The inquest heard Christopher was part of a group of friends from Mountain Ash Comprehensive School who arranged to go to a site known as the ‘red bridge’ after finishing lessons that day.

Christopher was seen to remove his top, glasses and sliders before standing on the ledge – throwing stones with two other boys to ascertain how deep the water was.

Killian Haslam, now 18, told the hearing how the boy who cannot be named for legal reasons asked whether he should push Christopher into the water in a “jokey way”.

Another witness, Isabella Watts, now 18, said the boy had “pushed him in”, with his hands going into the middle of Christopher’s back.

But giving evidence, the boy insisted that he “fell into him” after moving quickly across wet and slippery ground from the bridge to the ledge.


When asked by Michael Mansfield KC, representing Christopher’s mother Alina Joseph, whether he had apologised to her for what happened, the boy replied: “No, because I didn’t push him in.”

Three of the teenage boys and one teenage girl jumped in to try to rescue Christopher after he began shouting for help.

Witnesses described how Christopher was panicking and pulling the boys – Killian Haslam, a 17-year-old boy, and the boy accused of pushing Christopher into the river – down as they tried to pull him to safety.

Millie Morgan, now 18, then jumped in and went underneath the surface to look for Christopher but told the inquest the water was “too muddy to see anything”.

The inquest heard how South Wales Police were initially told by witnesses that Christopher had fallen into the water, with no indication of any push or slip.

However, Detective Chief Inspector Matt Powell said rumours then began circulating that Christopher had been pushed and the witnesses were all re-interviewed.

South Wales Police later passed a file of evidence to the Crown Prosecution Service (CPS) to consider bringing charges.

In July 2020, the CPS announced that it was not in the public interest to prosecute the boy for allegedly pushing Christopher into the river during a “foolish prank”.

It said there was no “public interest” to bring a manslaughter case, despite “evidence to support a prosecution”.

Christopher’s mother accused the CPS and South Wales Police of institutional racism, claiming the decision would have be different if her son was white.

Judicial review

In June 2021, the family considered launching a private prosecution against the boy alleged to have pushed Christopher into the river.

They won the right to a judicial review of the decision not to prosecute the boy.

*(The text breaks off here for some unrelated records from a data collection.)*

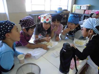 余ったコーンは,ほしい人に後日お渡しします。ぜひ,ご家庭でも作ってみてください。
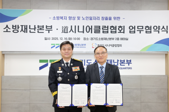 경기도소방재난본부가 경기도시니어클럽협회와 손잡고 도내 소방청사에 부족 인력을 무상 배치하는 노인일자리 협력사업을 추진한다.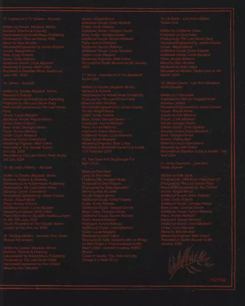Bass Guitar, Vocals [Additional] Georgia Davies | Bass Trombone Alistair Goodwin (2) | Drums James Ford | French Horn Robyn Blair | Lead Guitar, Vocals [Additional] Emily Roberts (5) | Lead Vocals, Guitar Lizzie Mayland | Score, Conductor, Vocals [Additional], Organ, Piano, Synthesizer Aurora Nishevci | Trombone Chris Brewster (3) | Trumpet Bradley Jones (3), Lucy Humphris | Vocals [Additional] Abigail Morris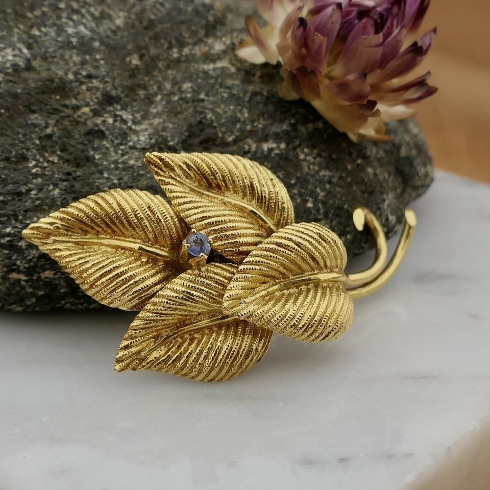 Gold brooch of leaves with sapphire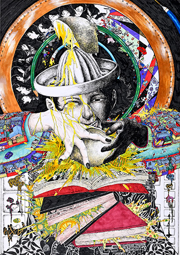 得体の知れない憂鬱な気持ちで町をうろつく若者。人間はつらいことを体験することによって、現実逃避を試みる。夜の街並みを散策しながら心の旅に出る。そして、果物店で一個のレモンを買い求めた。レモンは一個の檸檬爆弾と化し、主人公の憂鬱と町全体を爆破し、主人公の心は落ち着く。主人公の心を黒い服、檸檬の汁が飛び散ることで爆発を表現しました。また月の満ち欠けで何も変わらない人々の人生を描きました。
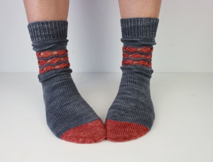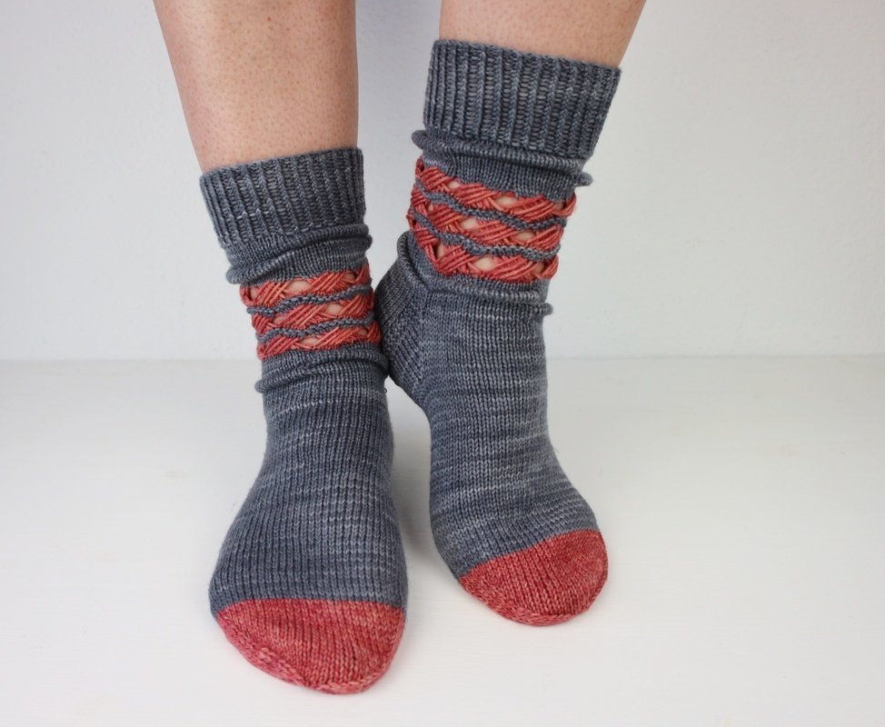 These socks are knitted from the cuff down. The heel is a cap heel and the end is the band lace.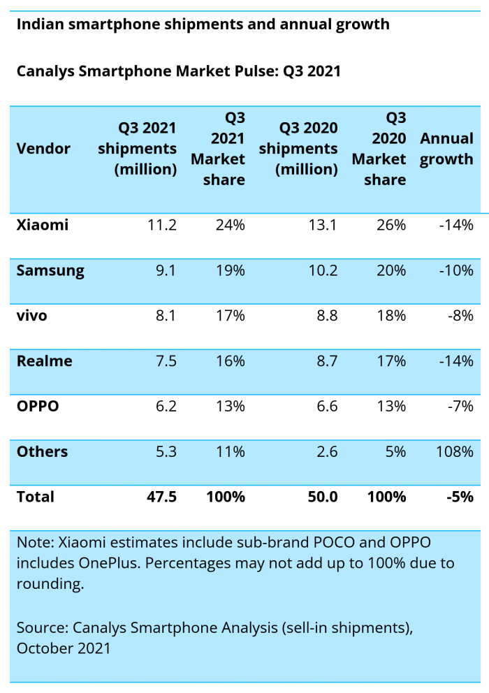 2021年10月22日 | Canalys:印度市场第三季度手机出货量下滑5% 小米仍是首位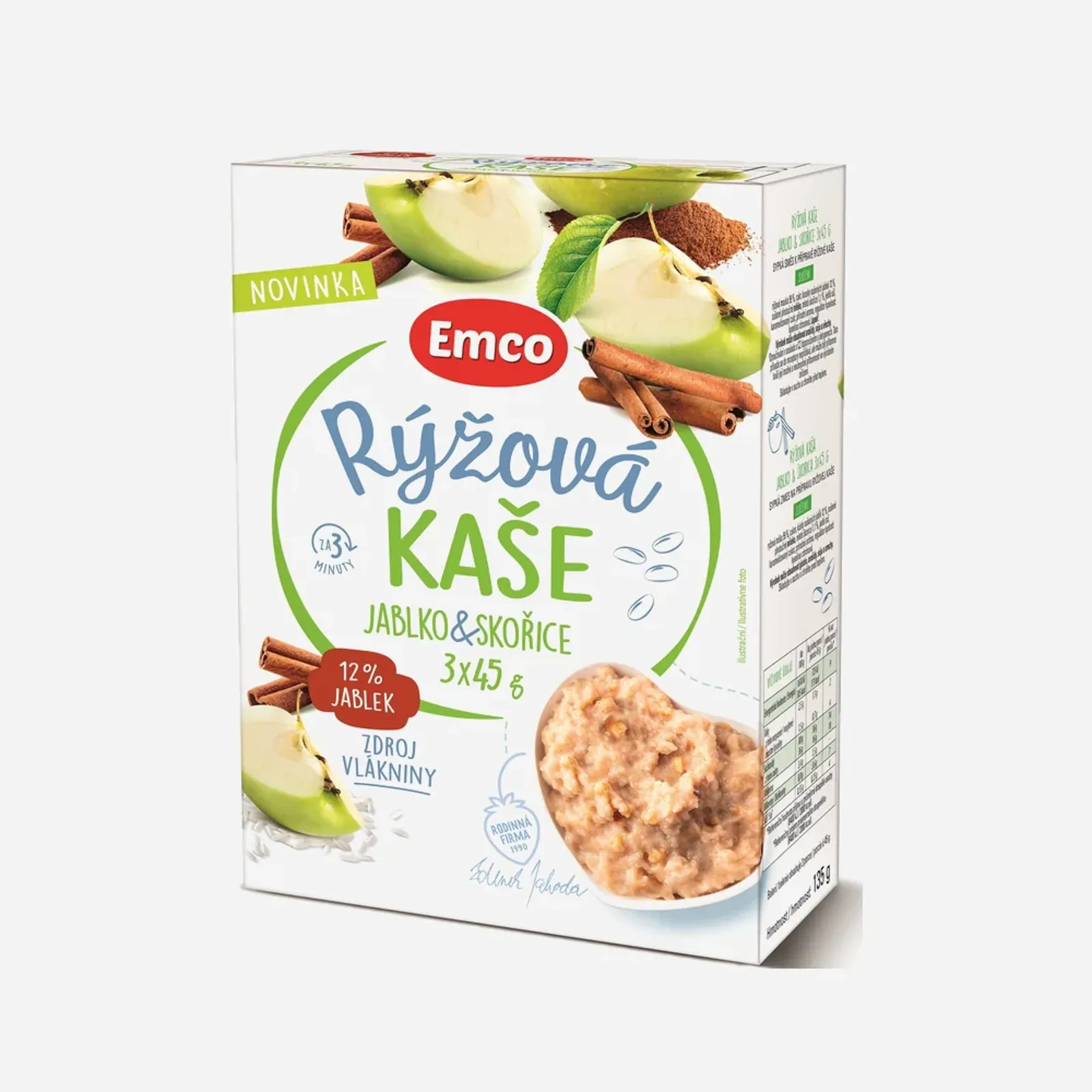 Emco Rýžová kaše s jablky a skořicí 3x45 g, 135 g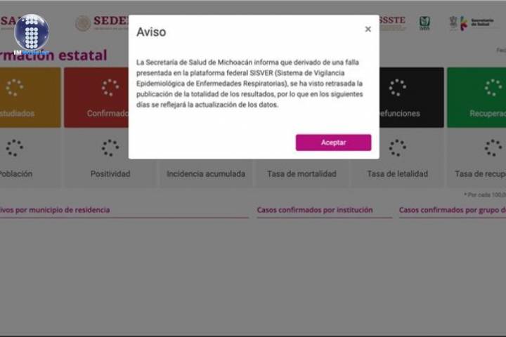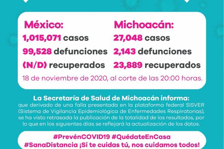 NOTICIAS 18/11/2020Falla en plataforma retrasa publicación de casos de COVID-19: SSMLa Secretaría de Salud de Michoacán (SSM), informa que derivado de una falla presentada en la plataforma federal Sistema de Vigilancia Epidemiológica de Enfermedades Respiratorias, (SISVER) se ha visto retrasada la publicación de la totalidad de los resultados de casos positivos de COVID-19 en la entidad.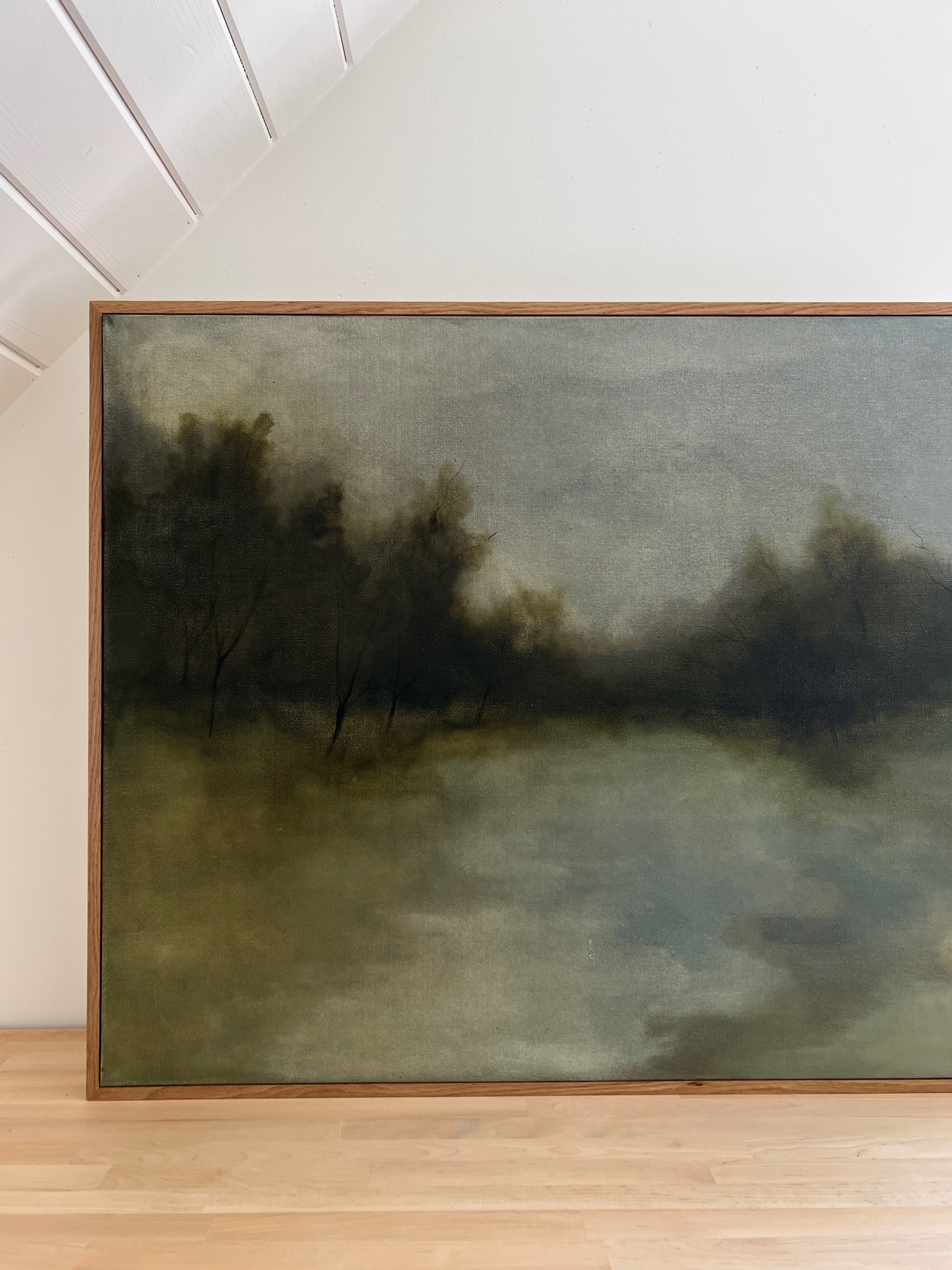 You will find a different moment every time you look at this peace filled original. Your eye is pulled into the tree line and directed to the calming water that fades into its surroundings. This layer upon layer of acrylic paint was used in order to maintain the texture of the canvas coming through the scene.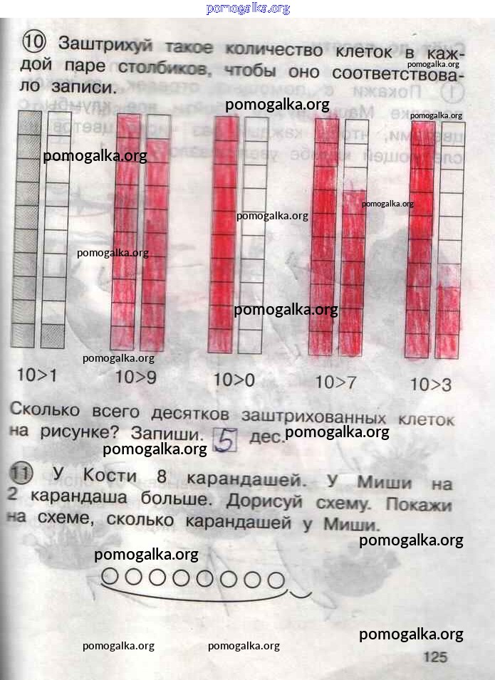 Готовые ответы - Математика 1 класс тетрадь для самостоятельной работы Захарова О.А. - тетрадь №1. страница 125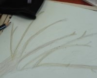 鉛筆で枝の下書きを描き、色鉛筆などを使って枝に色を付けています。枝の形もその人なりの工夫があり、様々な形の木になっています。また枝に色を付ける際にも、様々な色を幾重にも重ねていました。どの人の工夫も、とても独創的で素敵てした。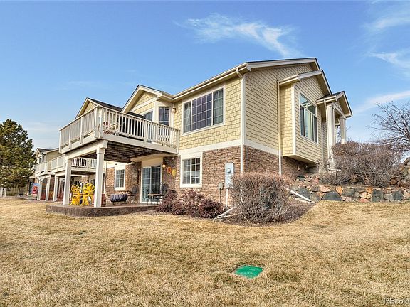 Fantastic, end-unit townhome featuring two large master suites, one on the main level and one upstairs. Enjoy the remodeled kitchen complete with granite counters, updated cabinets, breakfast bar and quality SS appliances. The kitchen flows into the vaulted great room and dining area creating the perfect, comfortable living space. Large deck off the kitchen with incredible views to the south and the golf course. The main floor study in the front of the house could also be used as a bedroom. The upper level is also home to a loft. Full, finished walk out basement with granite wet bar and tons of entertainment space. Ample storage and a bonus room that could be used as an exercise room, craft room, office, use your imagination. Stamped concrete patio outside the lower level looks out over the 14th tee at Deer Creek Golf Course and wetlands. Oversize 2-car side-load garage with a tool bench offers extra space for your toys and parking. True lock and leave convenience.Secure, gated golf community with a park, lake and new playground. Within easy walking distance to popular restaurants. Easy commute, minutes to C-470 at the base of the foothills.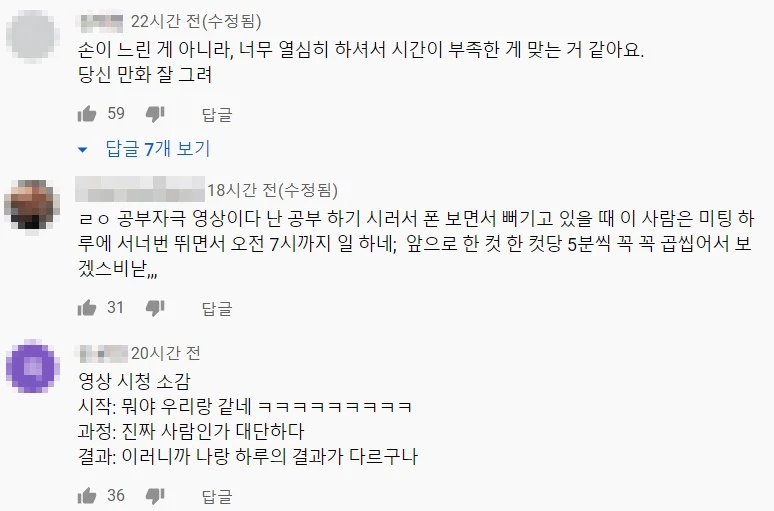 영상을 본 시청자들은 "진짜 사람인가, 대단하다", "너무 열심해 해서 시간이 부족한 게 맞는 것 같다", "이 형은 노력이나 열정이 성공할 수밖에 없다", "존경스럽다", "진짜 하루를 꽉꽉 채워 사네", "성공한 사람은 다르다는 걸 느끼고 간다", "이렇게 사니까 네이버 웹툰 탑이지", "어떻게 저렇게 살지?" 등 반응을 보였다.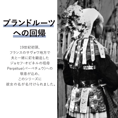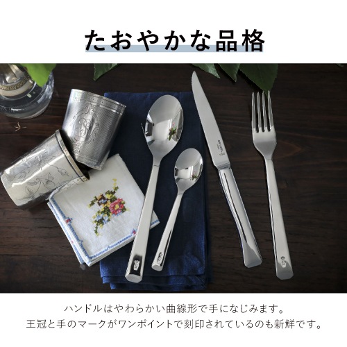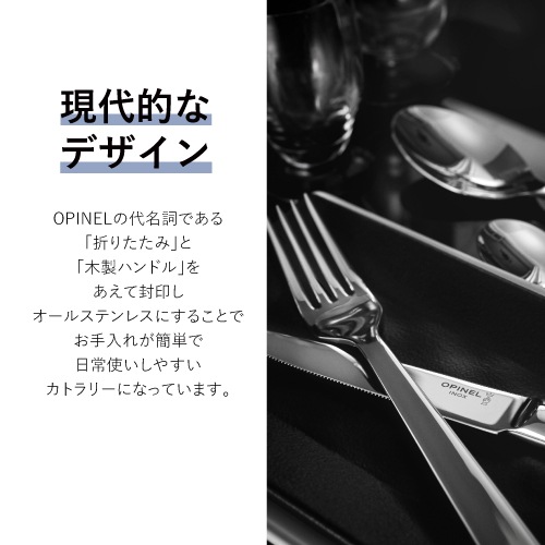 世界中の名だたるブランドのプロダクトデザインを手掛けるデザインチーム「BIG GAME」と共同開発したカトラリーシリーズ「Perpétue(パーペチュウ)」のコーヒースプーンです。OPINELのナチュラルなイメージとは一線を画すオールステンレスの現代的な雰囲気で、食卓を華やかにランクアップしてくれます。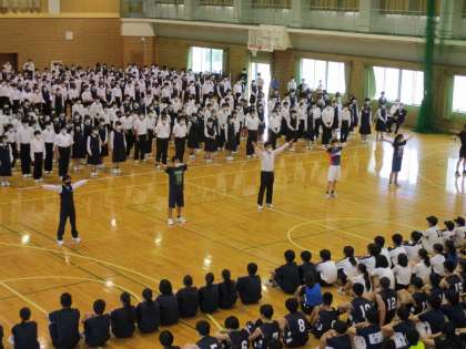 その後、生徒会執行部が中心となり、全校生徒で選手達にエールを送りました。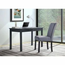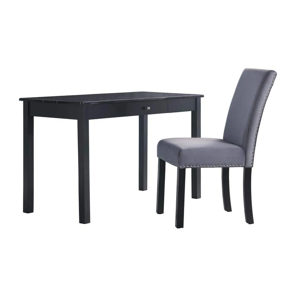 Outlet 😍 Zaid 48 in. Rectangle Black Faux Marble 1 Drawer Computer Desk with Chair by Picket House Furnishings ⌛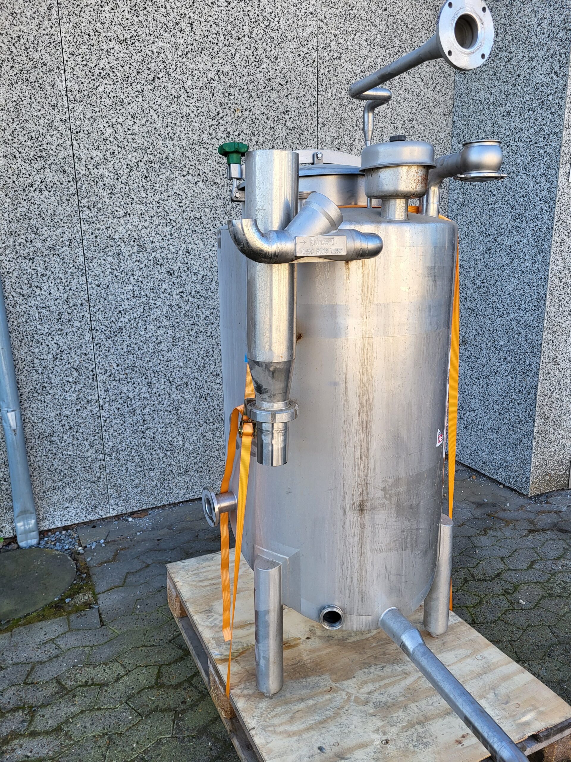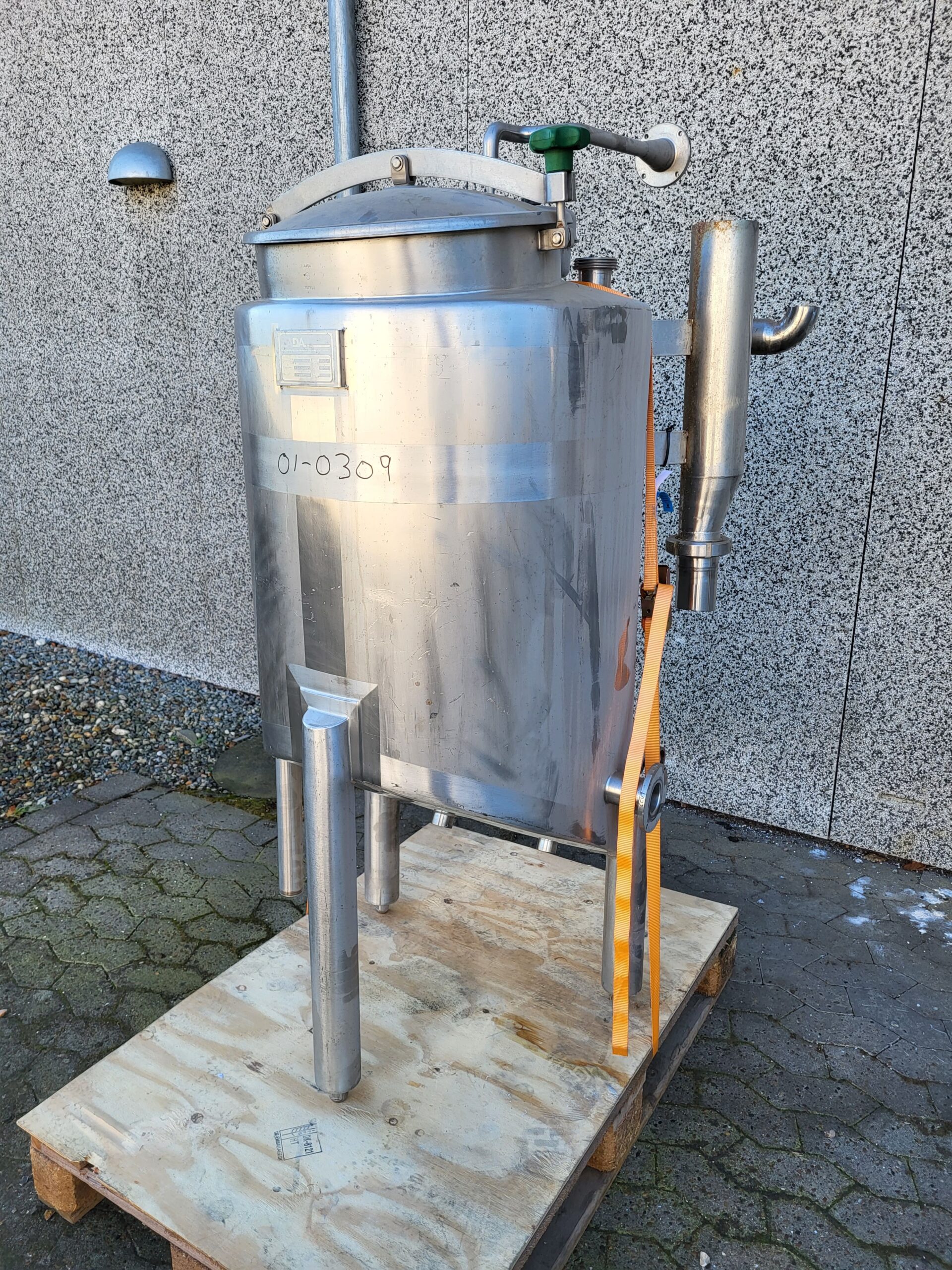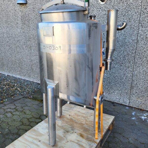 200 litre stainless steel tank 01-0309 Volume: 200 Stock: 1 Description Brand: ADA Year: 1997 Vertical stainless steel tank 3 legs Outlet: 2″ Manway Inclining bottom Adjustable feet Venting branch CIP cleaning Dimensions: 600mm – sh 700mm – th 1600mm Contact us Contact us Anders Lundum Sales Manager, second hand equipment +45 4093 3957 alu@fhscandinox.com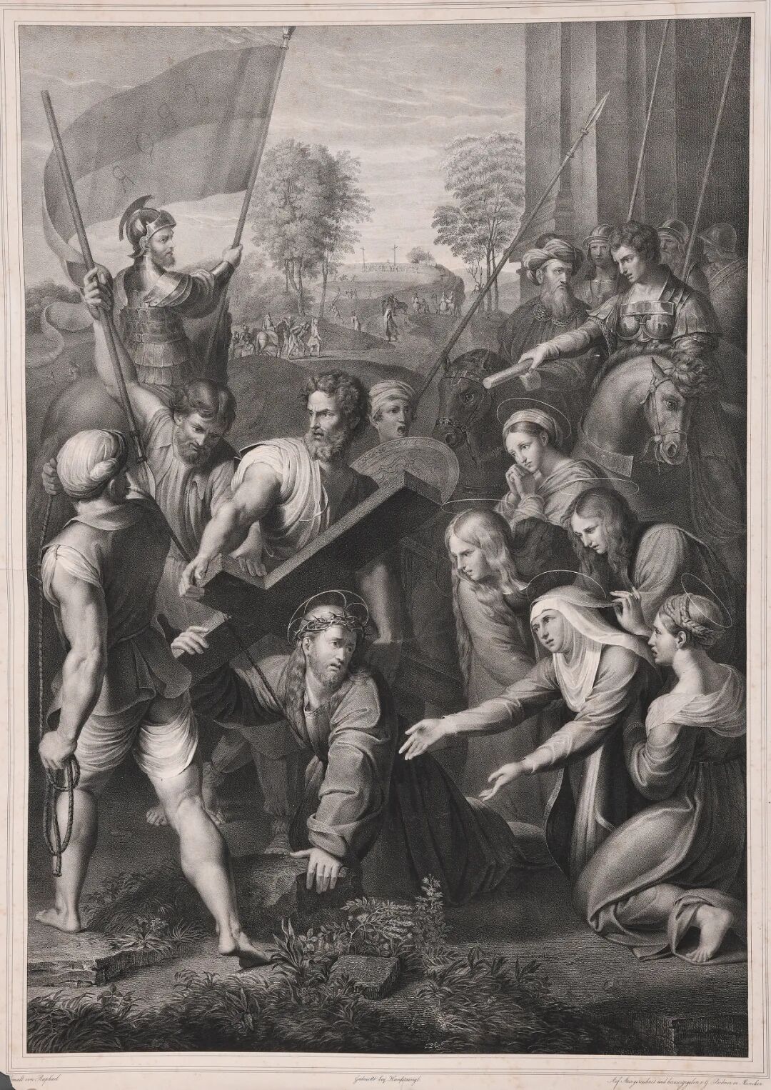 提要:此版画19世纪慕尼黑出版,根据意大利文艺复兴大师拉斐尔于1515年创作的油画《基督赴刑》雕刻。画面描绘了基督在受刑途中跌倒的场景,圣母玛利亚痛不欲生,昏厥在地。远处,各各他的小山隐约可见。

However, following a hearing in January 2022, judges at the High Court dismissed the application.

During the inquest, Ms Joseph described racist abuse her family had suffered since moving from London to Wales in the years before Christopher died.

Incidents allegedly included letters of racial hatred through the post, members of the family being beaten, Christopher being urinated on, and being physically dragged by his neck by the mother of another child.

Ms Joseph paid tribute to her son as a keen footballer who was “not only a cheeky boy but also very loving, caring passionate and very protective”.

Detective Chief Inspector Matt Powell, the senior investigating officer, was asked whether racism played a role in Christopher’s death.

He replied: “Neither I or my team uncovered any evidence that racism played a role.”

Mr Powell said there was no evidence that Christopher was “bullied or encouraged to enter the water”, describing how he was “very well respected” by the children who he was “good friends” with.

He claimed there had been inaccurate reporting of the death in media reports and on social media, which included descriptions of the boy alleged to have pushed Christopher as a “killer or murderer”.

The senior officer said a social media campaign linked Christopher’s death to “the terrible murder of Stephen Lawrence”, with such comments affecting the children who were present at the river and their families.

At times, the family of the boy alleged to have pushed Christopher were moved from the area and police safeguarding measures were put in place to protect them and their home.

The inquest into Christopher’s death began on January 8, 2024.